Since 2009, the 23 countries most heavily affected by TB drug resistance have nearly doubled their budgets for multidrug-resistant TB — a form of TB that fails to respond to standard first-line drugs. While community-based models of care and other programs have helped save the lives of more than 4 million people and provided treatment to 7.7 million people, “severe bottlenecks” are limiting the response to the drug-resistance epidemic, according to the report.

“Many countries have made progress, but despite the recent scale up in efforts, the world needs to do much more to get care to all MDR-TB patients who need it,” said WHO Director-general Margaret Chan, MD, MPH, in March. “We cannot allow MDR-TB to spread unchecked.”

The report, “Towards Universal Access to Diagnosis and Treatment of MDR-TB and XDR-TB by 2015,” calls for scaling up both domestic and international funding and accelerating access to treatment for multidrug-resistant TB, or MDR-TB, and extremely drug resistant TB, or XDR-TB. According to the report, diagnostic capacity remains limited, the price of some quality-assured second-line drugs remains high and drug shortages continue to pose problems.

Leaving MDR-TB untreated increases the risk of the spread of drug-resistant strains of TB, according to WHO, which estimates there will be more than 2 million new cases of MDR-TB between 2011 and 2015.

Closer to home, tuberculosis is at an all-time low in the United States, but minority and foreign-born residents continue to be affected disproportionately, according to a study from the Centers for Disease Control and Prevention.

In 2009, TB incidence in the United States decreased to 3.8 cases per 100,000 population, the lowest recorded rate since national TB surveillance began in 1953, according to CDC, which called the 11.4 percent decrease from 2008 “the greatest single-year decrease ever recorded.”

But despite record TB declines in the United States, the disease continues to affect minorities and foreign-born U.S. residents disproportionately. Compared to whites, TB rates are seven times higher for Hispanics, eight times higher for blacks and 25 times higher for Asians, according to the study, published in the March 25 issue of Morbidity and Mortality Weekly Report. In addition, the TB rate for foreign-born U.S. residents is 11 times higher than that of Americans born in the United States.

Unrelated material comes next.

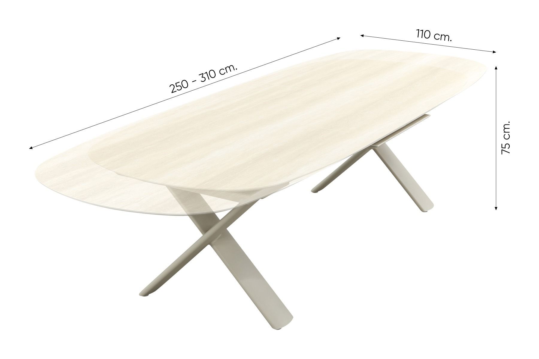 - Deens ovale uitschuifbare tafel van 250 tot 310 cm

A total of 113 cases of MDR-TB were reported in the United States in 2009, according to the report.

People living with HIV are also disproportionately affected by TB and are at high risk for drug-resistant TB. In the United States, nearly 9 percent of people with TB are also infected with HIV. Once infected, people living with HIV are at increased risk for rapid progression to active TB and are more likely to die during normal treatment. As a result, TB is now the leading cause of death among people with HIV/AIDS, according to the National Institutes of Health.

Progress toward TB elimination in the United States will require ongoing surveillance and improved TB control and prevention activities to address persistent disparities between U.S.-born and foreign-born people and between whites and minorities, the CDC study said.

For more information or to download the findings, visit www.who.int/tb/publication and www.cdc.gov/mmwr.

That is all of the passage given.